─── MATERIAL PROVIDED

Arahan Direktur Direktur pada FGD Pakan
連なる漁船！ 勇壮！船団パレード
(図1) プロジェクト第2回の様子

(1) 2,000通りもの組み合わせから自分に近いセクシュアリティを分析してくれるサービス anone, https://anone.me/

──────
─── MATERIAL PROVIDED

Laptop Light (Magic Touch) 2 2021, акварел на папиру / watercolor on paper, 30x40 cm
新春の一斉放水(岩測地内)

──────
─── MATERIAL PROVIDED

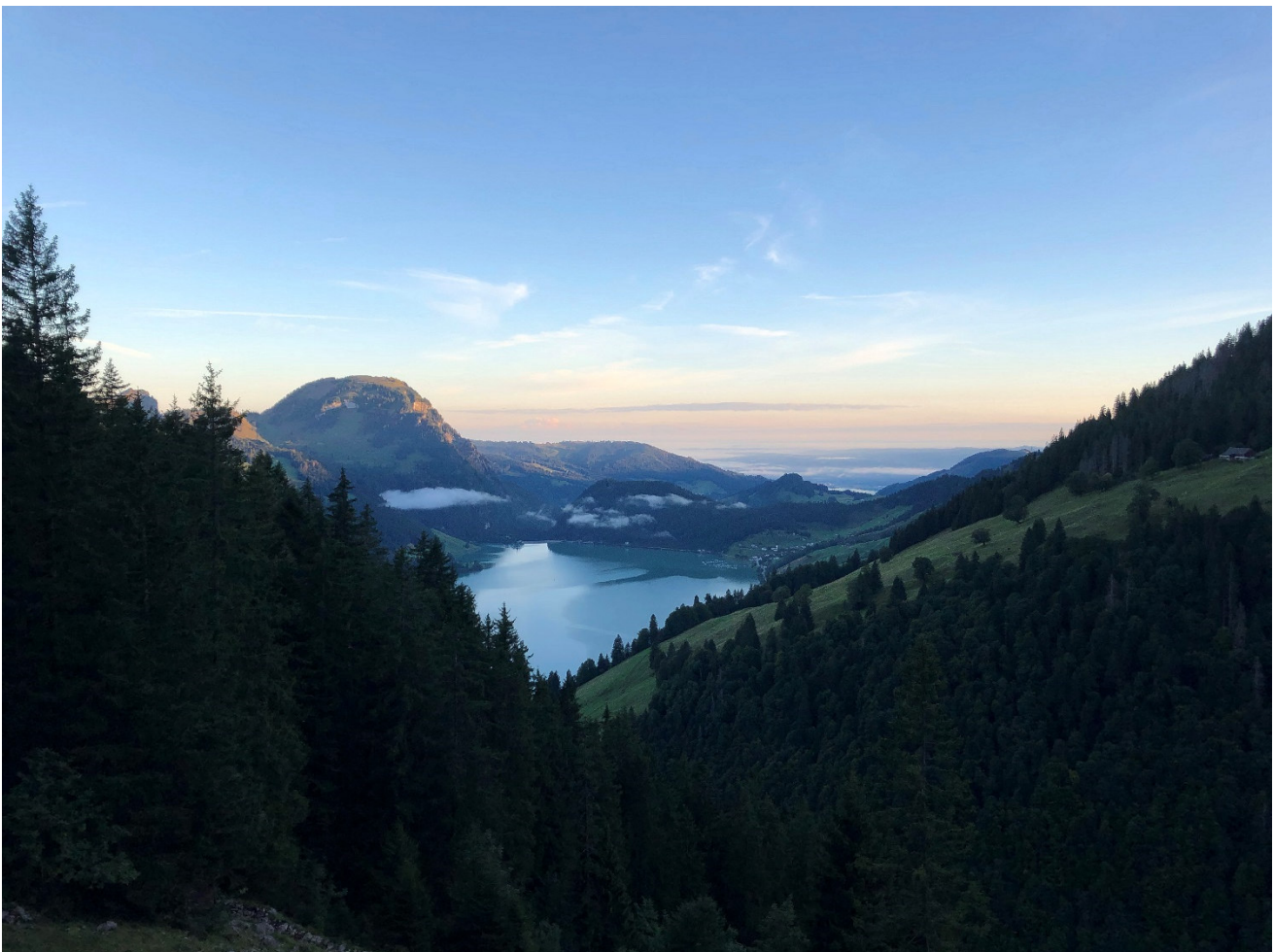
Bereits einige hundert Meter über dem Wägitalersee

──────

In the entries above, find the line with "Laptop Light (Magic" and the line with "新春の一斉放水(岩測地内)", then set down exactly those two and every line between them, nothing else.

**SOLUTION BELOW**.
Laptop Light (Magic Touch) 2 2021, акварел на папиру / watercolor on paper, 30x40 cm
新春の一斉放水(岩測地内)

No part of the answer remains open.